Date: Fri 19-Jun-1998
Date: Fri 19-Jun-1998
Publication: Bee
Author: CURT
Quick Words:
SNET-cable-tv-business
Full Text:
Merger May Put SNET Cable TV Venture In Jeopardy
NEW HAVEN (AP) -- SNET's venture into cable television, already running behind
schedule, may be in jeopardy by the company's planned merger with Texas-based
SBC Communications Inc.
Questions about the future of SNET americast were raised before state
regulators this week as they began a review of SBC's proposed $4.4 billion
merger with Southern New England Telecommunications.
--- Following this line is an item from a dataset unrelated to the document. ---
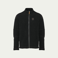 A men's wool sweater jacket with an embroidered abstract interpretation of our country's traditional sweater patterns. This is a technical jacket with a fleece lined collar and articulated elbows for added comfort. Sizes are small so we recommend going up one size. Male model is 189 cm / 6' 2" tall and wearing size L DETAILS AND CARE Repairs for life. Outer Layer - Main fabric 75% ull, 25% Polyester. Washing instructions Hand wash Dry flat Shell Wool Suitable for Skiing Everyday / Commuting Hiking Style Knitwear & Wool

SNET said it continues to build its cable network, although more slowly than
projected, and continues to both market the service and to add customers.
"We are still continuing to deploy the network," SNET spokeswoman Myra Stanley
said last week.
But she added: "If this merger is approved, I'm sure there will be further
discussions."
SBC said it plans to honor the terms and conditions of the 11-year contract
that regulators granted -- the only statewide cable franchise in Connecticut.
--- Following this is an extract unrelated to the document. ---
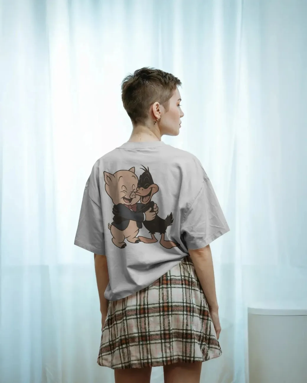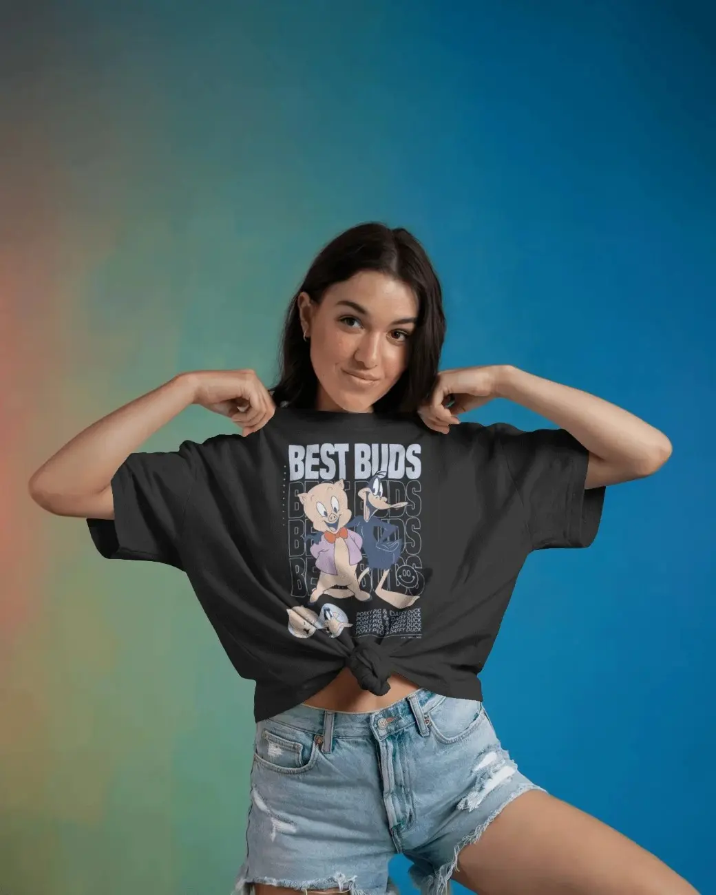 Celebrate classic cartoon friendship with this nostalgic and heartwarming design! Featuring Porky Pig and Daffy Duck sharing laughs and hugs, the front of the shirt proudly states “Best Buds” in bold, layered lettering. The back continues the love with a charming illustration of the two characters in a joyful embrace. Perfect for fans of retro animation and anyone who values timeless friendship with a playful twist.

But SBC and SNET witnesses conceded that there are concerns about the
technology being used, problems with providing reliable telephone service over
the network, and its profitability.
SNET's cable business would be evaluated after the merger, the witnesses said,
and changes could result. When asked whether the changes included the
elimination of the service, the witnesses were noncommittal.
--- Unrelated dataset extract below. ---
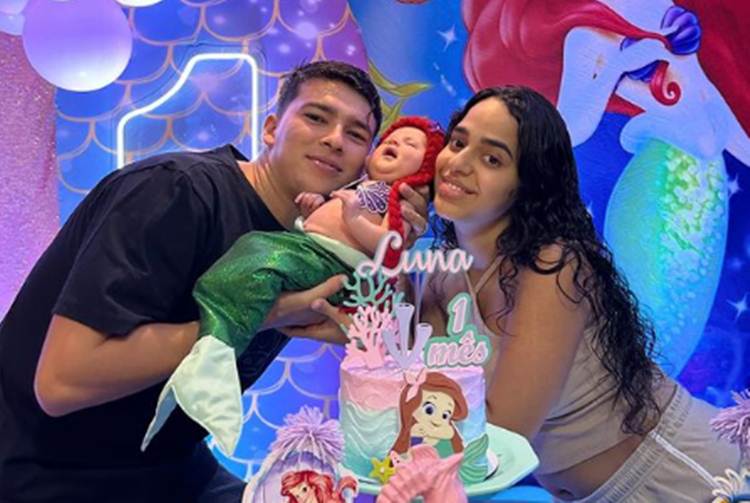 No Instagram, Mirella e Gabriel publicaram alguns cliques da celebração, que teve como tema ‘A Pequena Sereia’. Luna, aliás, ganhou uma roupinha da personagem central do filme da Disney. “1 mês da Sereia Luna”, escreveu Gabriel. “A pequena sereia de mamãe”, se derreteu Mirella.

"We are very concerned about the economics of the business," said Anne
MacClintock, SNET's vice president for regulatory affairs and public policy.
James Kahan, SBC's senior vice president for corporate development, said the
company wants to be in the video business.
"The question is, `What is the right technology, what is the right business
model to ensure that we are not just a competitor in the short term, but we
are a viable competitor in the long term?'" Kahan said. "What we can't do is
jeopardize the quality of service for telecommunications to deliver video."
Donald Saltzman of Weston, chairman of the Statewide Cable Council, which
advises SNET on the needs of subscribers, said he is worried the service will
be discontinued.
"The fact that they failed to mention it and cut back on the installation
schedule does not give us a warm and fuzzy feeling. They will keep cable
television if it's profitable," Saltzman said. "The state of Connecticut
wants, needs and demands competition in cable television. We do not want to go
back to the monopoly we had in the first 15 years of cable."
The cable service, begun in March 1997, has about 15,000 customers in 10
towns.
The original timetable for cable roll-out was the first quarter of 1997 in
Darien, Farmington, Westport, New Britain and parts of Fairfield, West
Hartford, Hartford, Stamford and Norwalk.
SNET's cable service is still not available in Hartford and Stamford, but it
is available in North Haven, Old Greenwich, and Weston.
The network will expand by the end of the year, but SNET will fall short of
its projections of bringing service to 28 towns by 1999. Instead, the company
plans to have the service available in 20 towns by 1999, Stanley said.
SNET originally had said that the service would be available to nearly 64
percent of Connecticut by the year 2000 and to 87 percent in the year 2005,
and that the entire state would be cable-ready by 2007.